In cities around the world, the offices and storefronts of the downtown core fill up with people during the workday to keep the wheels of commerce turning.
Today’s animation, created by Justin Fung, is a dramatic, eye-opening look at the “pulse” of America’s largest city.
Also, check out the fancy interactive version of this visualization.
This dramatic shift in population on a daily basis is made possible by Manhattan’s unparalleled carrying capacity, or its ability to facilitate an inflow of millions of people who come for all sorts of reasons. Many of the metropolises with the most dramatic daytime population spikes, such as Washington, D.C. and New York, also have much higher rates of transit ridership than the average city.
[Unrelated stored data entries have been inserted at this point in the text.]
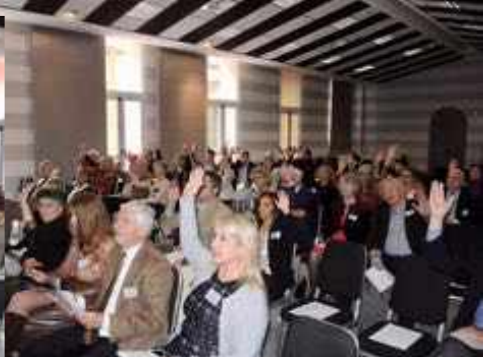
JANUARY - THE ANNUAL GENERAL MEETING - 51 guests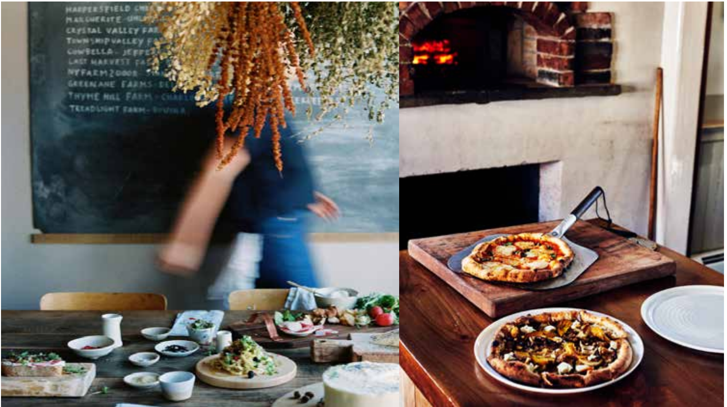
TABLE ON TEN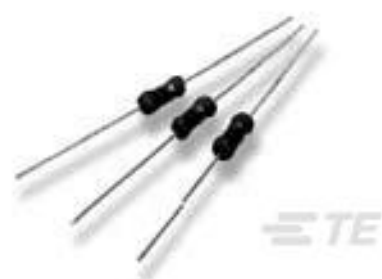
TE Part #9-1879352-1 RR02 5% 1K8 AMMO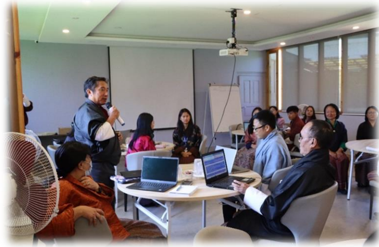
Figure 4 Participants expressing significant concerns regarding the proposed reservations of UNCRPD,

Persons with disabilities who were presented during the two days consultant workshop at Paro expressed significant concerns regarding the proposed reservations, particularly those pertaining to Articles 18, 23, 27, and 29 of the UNCRPD. They emphasized the importance of upholding the principles and provisions of the Convention without any reservations. In conclusion, the Recommendation presented by OPDs underscores the critical importance of addressing the concerns raised by persons with disabilities regarding the proposed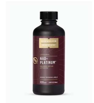
NAD+ Platinum® QTY 2 - 100 mL Bottles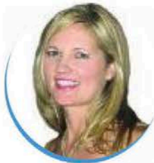
BY LINDA JENNINGS Kitchen & bath specialist

Express your style with these new kitchen and bath trends.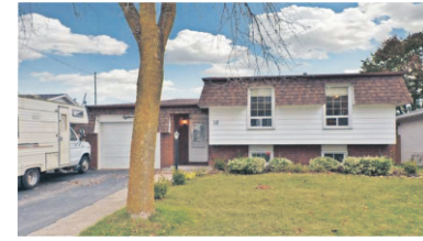
MOVE-IN GEM IN QUIET NEIGHBOURHOOD $289,000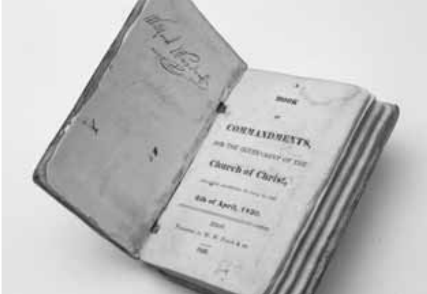
The Book of Commandments, an early compilation of revelations to Joseph Smith. This copy of the book contains Wilford Woodruff's signature.

revelation what his part and condition will be. For all men know what laws they keep, and the laws that men keep here will determine their position hereafter; they will be preserved by those laws and receive the blessings that belong to them. 20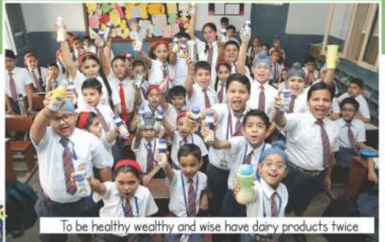
To be healthy wealthy and wise have dairy products twice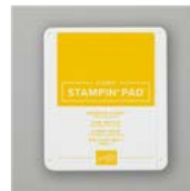
Crushed Curry Classic Stampin' Pad - 147087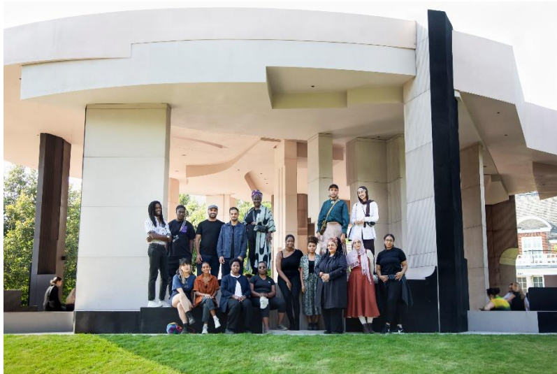
Support Structures for Support Structures 2021 recipients at the pavilion

Serpentine South Gallery Lawn Ending Sunday 17 October 2021 Booking not required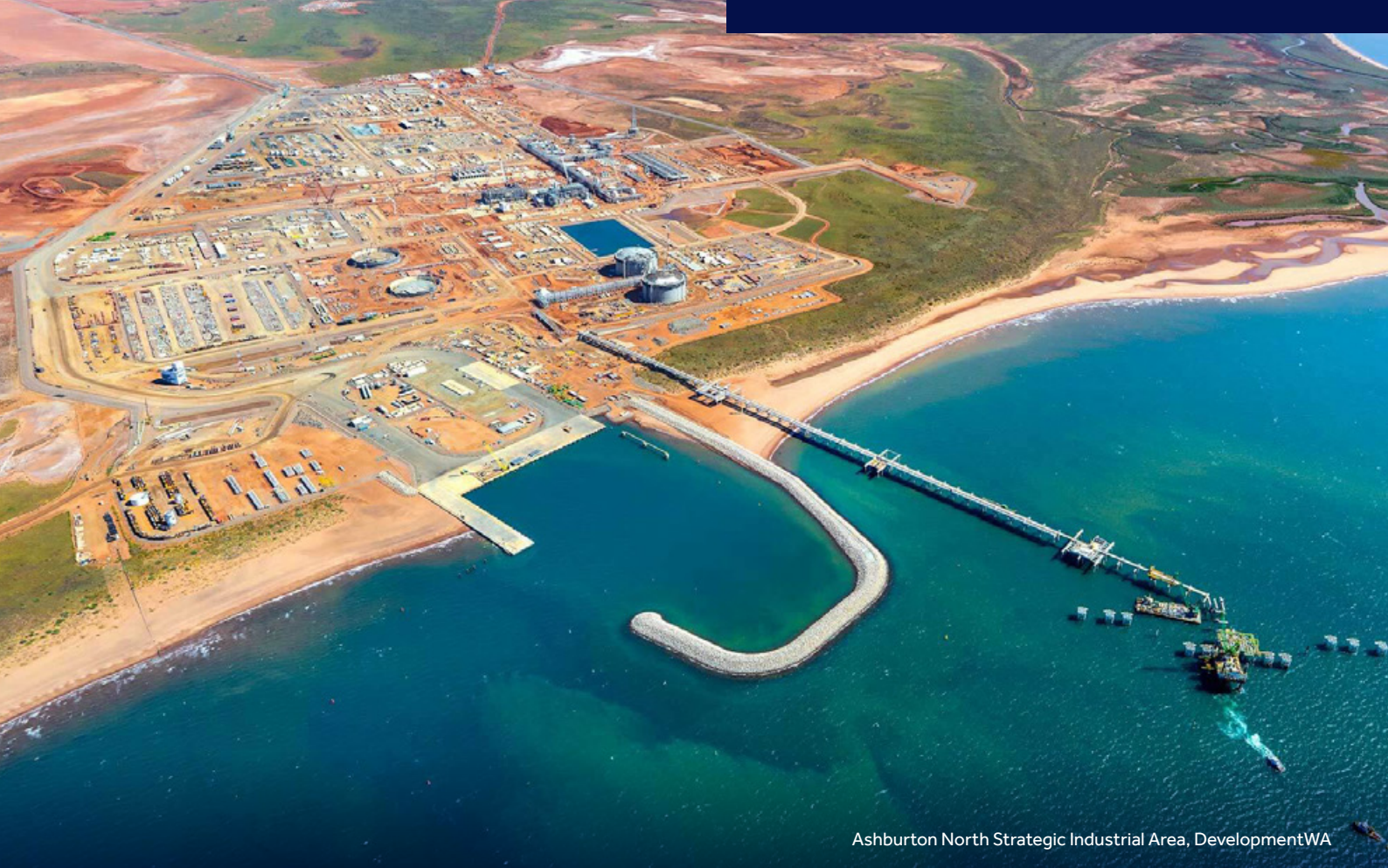
Ashburton North Strategic Industrial Area, DevelopmentWA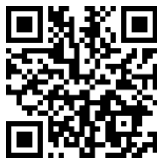
Marblelous Spiral Lift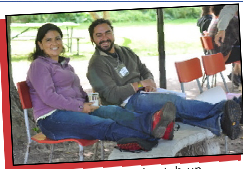
CPTers relax and catch up between workshop sessions.

In August 2010, Corps members gathered for a 2-day Undoing Oppressions seminar focused on the intersections of racism, sexism and heterosexism, followed by a 4-day biennial retreat in Ontario, Canada.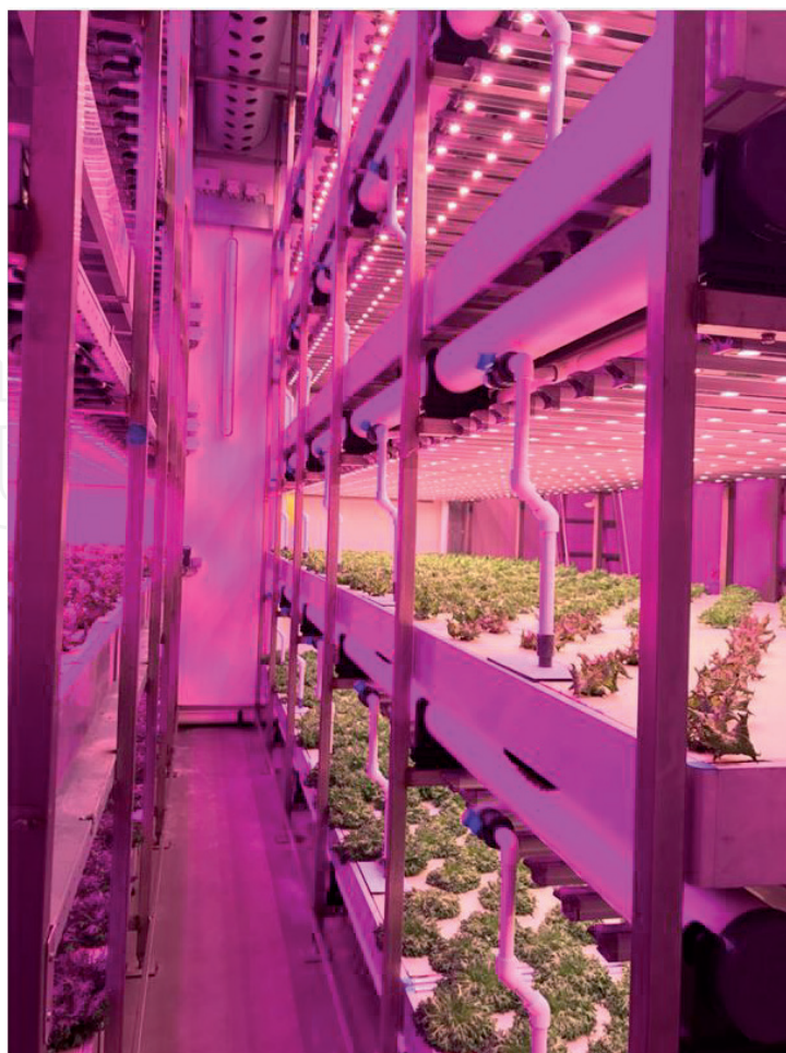
Figure 3. LED lightning in protected area without day light.

in optimizing photosynthesis, photomorphogenesis, and nutrient contents. LEDs make easier monitoring of nitrogen absorption by leafy plants and avoid harmful nitrate concentration in leafy plants and its influence on human health.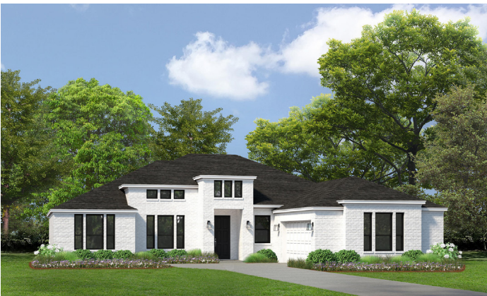
ELEVATION C STONE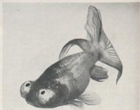
One of the males produced by pairing a female of the son-to-mother spawning with the male of the second generation (i.e. pairing daughter to father)

time to become apparent. However, provided that a sufficient number of the various generations are retained in health, the introduction of fresh blood should prove costly rather than difficult, thanks to the great advance in air transport.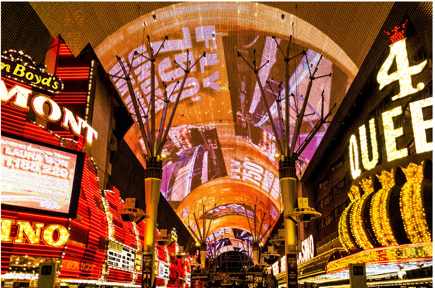
The Fremont Street Experience

Golden Contrails C/O Charlie Starr 4328 Sunset Beach Circle Niceville, FL 32578-4820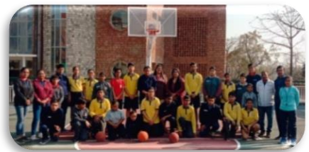
Raphael's students at The Oasis School

Raphael celebrated its 64 th Founders' Day with much enthusiasm and we were delighted to have an audience of nearly 700 people which included parents, students from regular schools and local friends of Raphael. The theme of the cultural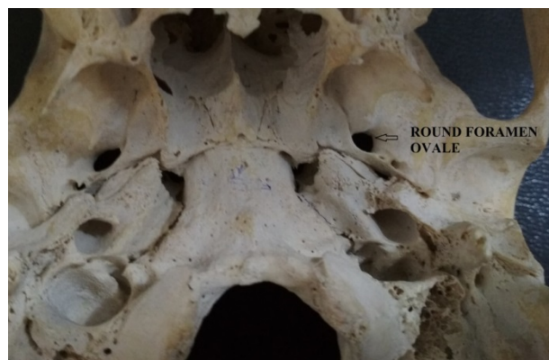
Fig. 2: Photograph of base of skull showing round shaped left foramen ovale.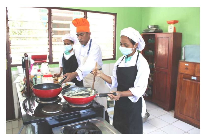
Students at the Canossian Vocational Training Centre in Suai which has great facilities for hospitality students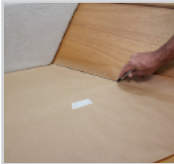
5 - Follow with Pen.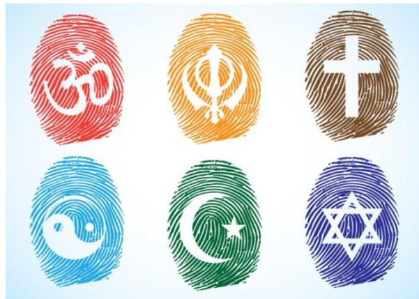
7 - R.E.

make sets of instructions in sequences and use logical reasoning to predict outcomes. We will use given commands in different orders to investigate how the order affects the outcome.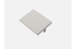
132-50100, S end cap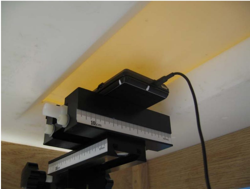
Figure 7: Body Position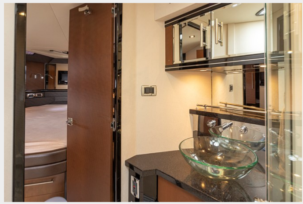
The Belly 42 L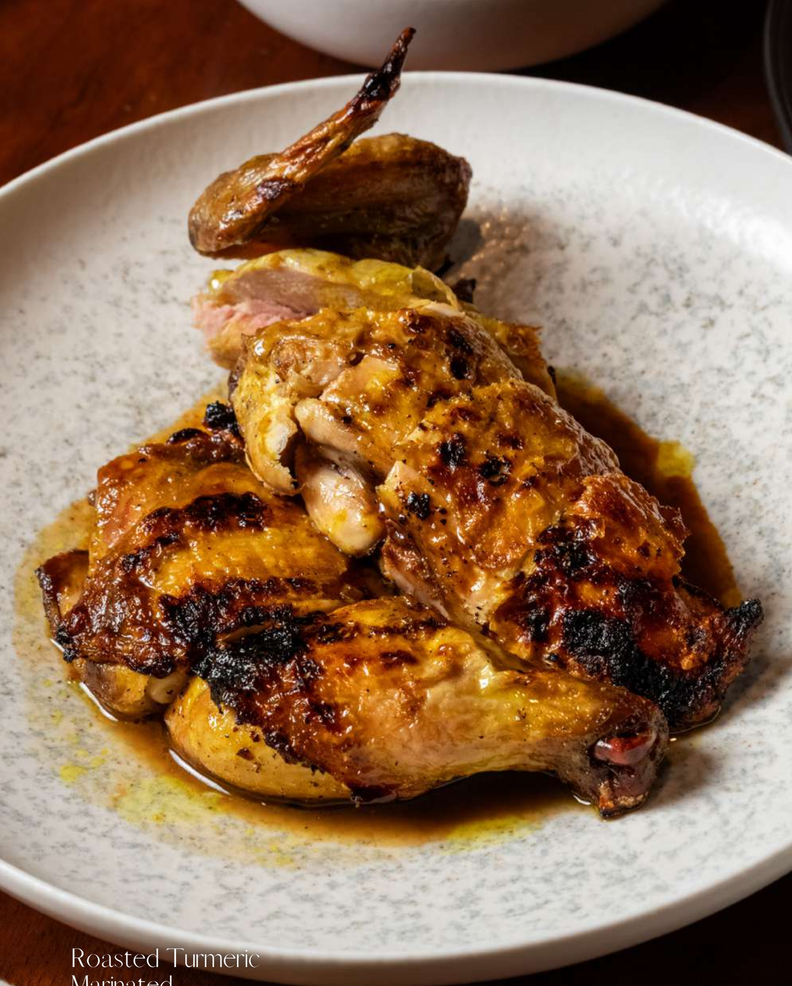
Roasted Turmeric Marinated Chicken Thigh ไกย่างขมิ้น 420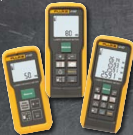
Fluke 414D Fluke 419D Fluke 424D

Fluke laser distance meters will become the next essential item on your toolbelt.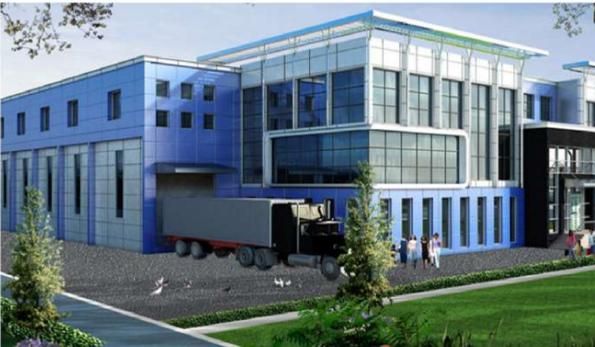
Venus Hotel Ware Pvt. Ltd. Kundli (HR)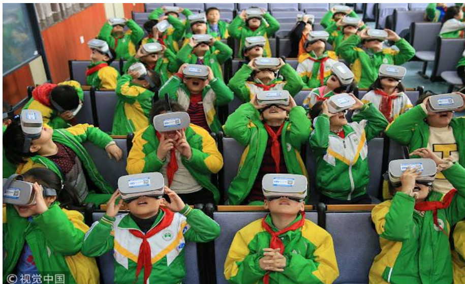
Figure 1. Students learning science via VR devices in Hunan Province, China Source: (Alhadeff, 2018).

Taking into the context of children's consumerism, VR toys and gaming have grasped numerous children's attention as Chinese kids increasingly become addicted to these games. Parents are more supportive of their children when playing VR games because of the numerous benefits of such games for children (Kaimara et al., 2022). Many Chinese companies specializing in VR include Alibaba, Baidu, Ten Cent, Huawei, Meitupic, HTC, IQIYO, etc. In China, children are provided with many options for VR games, the most famous of which include Xbox games (Figure 2), VR theme parks by Movie Power, and others (Artashyan, 2023). As virtual reality design interface in different products has made their way into numerous giant technology companies and development platforms, it can likely be the most effective way to develop a business as almost everybody is addicted to smartphones. Children even find VR gaming even more fascinating. Therefore, certain factors are considered while designing a VR interface for children. Such user-interface must be simple and easy to understand. Moreover, in the children's VR products, the content should be age-appropriate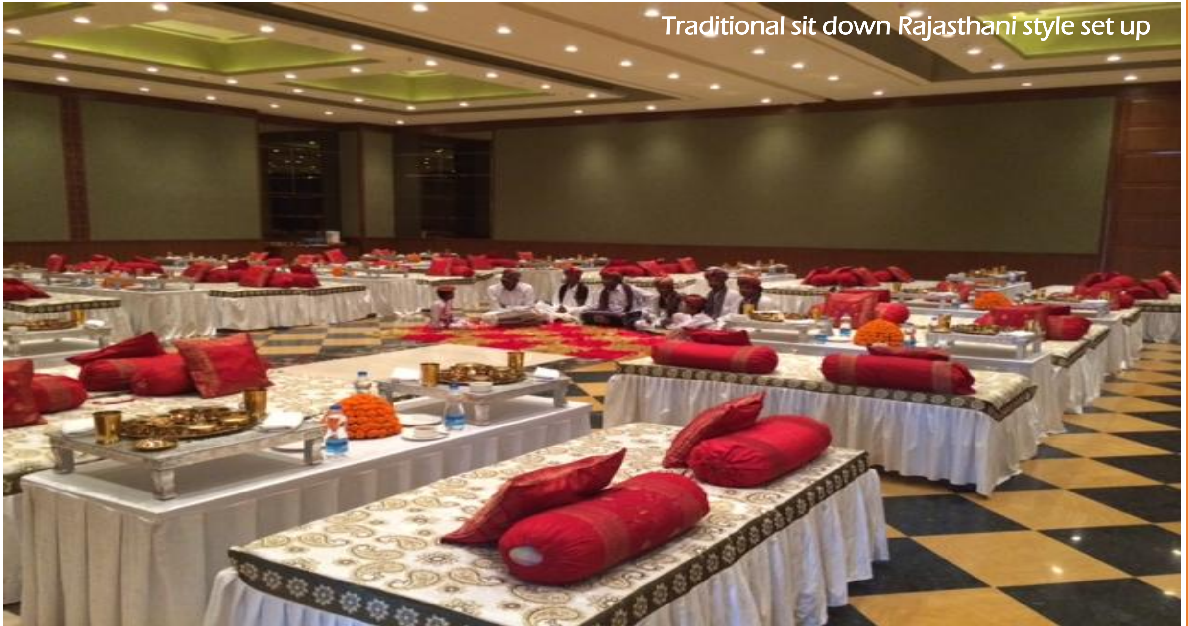
Traditional sit down Rajasthani style set up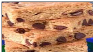
The 1- Minute Chef Blonde Brownies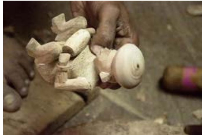
Cap is fixed on top and left for drying.

https://www.dsource.in/resource/wooden-toys-varanasi-1/making-process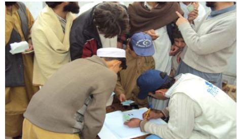
Registration of the IDPs in Kohat by GPP Staff

In response to the one day assessment GPP team along with the assistance of District Social Welfare office team visited Jurmah UC in Kohat district. The said district is considered to host more than 50 % of the IDPs population. The assessment tools consisted essentially of open-ended questions regarding the facility information, access indicators, physical infrastructure, staffing positions, and supplies, reporting, and the effect of population movements regarding food items, hygiene kits and student studying kits.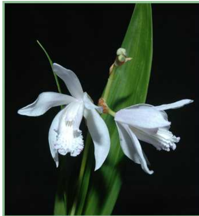
skinneri v. coerulea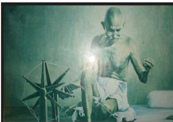
Community Base Service Activities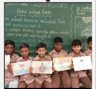
World Ozone Day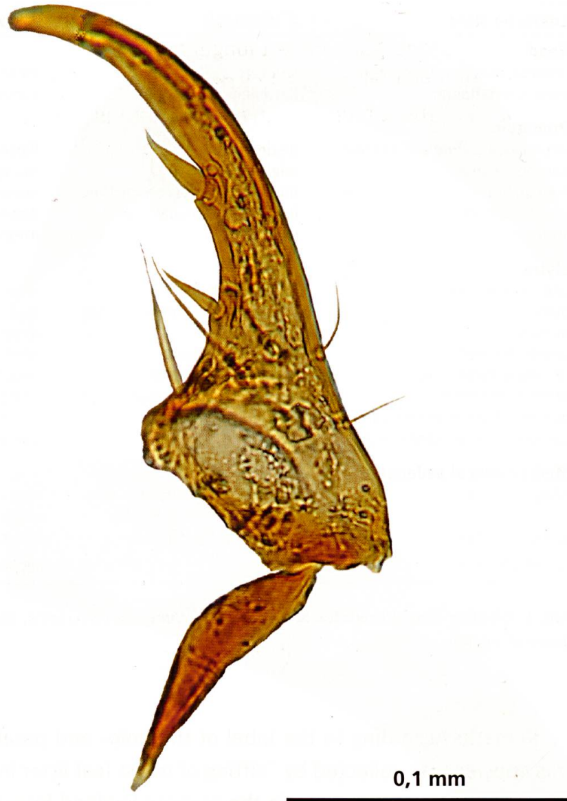
Fig. 4: Asioreicheia guenardi sp. nov., paratype female, left coxostylus, dorsal view.

However, during the last ice age the sea receded for 50 km (B. Guénard, personal communication), and we have to assume that during this period this channel would have been a deep river. Heishiding National Reserve (the record of A. chinensis ) is located between the He, Xi, and Bei river. All the rivers to the west of and including the Xi and Bei river sections are deeply cut rivers and will not have moved in 100,000's of years except for the point where the Xi meets the Bei which is on the Pearl river flood plain. The Pearl delta rivers are all massive, and there are a lot of them. But as they are on a flood plain, they will have all moved back and forth. So, it is supposed to be unlikely for a flightless terricol species to extend its distribution across these barriers and the delta.

Not surprisingly, three surrounding boroughs have the largest daytime population decreases in the entire country.
While many parts of Manhattan remain lively in the evening, many downtown cores around the country simply empty out.
This stark contrast is particularly noticeable in low-rise communities with large employment hubs such as Redmond, Washington or Palo Alto, California, both of which are home to sprawling tech campuses.
In the case of the nation’s capital, the city is a powerful magnet for talent. As well, Washington’s unique position between state lines means that people have the option of residing in Virginia or Maryland and easily commuting in.
Thanks to a renewed interest in urban living, many cities are starting to see an uptick in the number of residents who choose to skip the long commute and just live where the action is.
This trend is particularly pronounced in Canadian cities such as Vancouver and Toronto. The latter city’s downtown population is expected to double over the next 25 years, while Vancouver’s sustained real estate boom has added tens of thousands of residents to the downtown area.
In the U.S., Seattle has demonstrated significant urban residential growth. Since 2010, the population of downtown and surrounding neighborhoods has grown by an impressive 18%, and 1-in-5 people moving to the city choose to live in the downtown area.
The 2020 U.S. Census will provide a much better clearer picture of how this trend is playing out.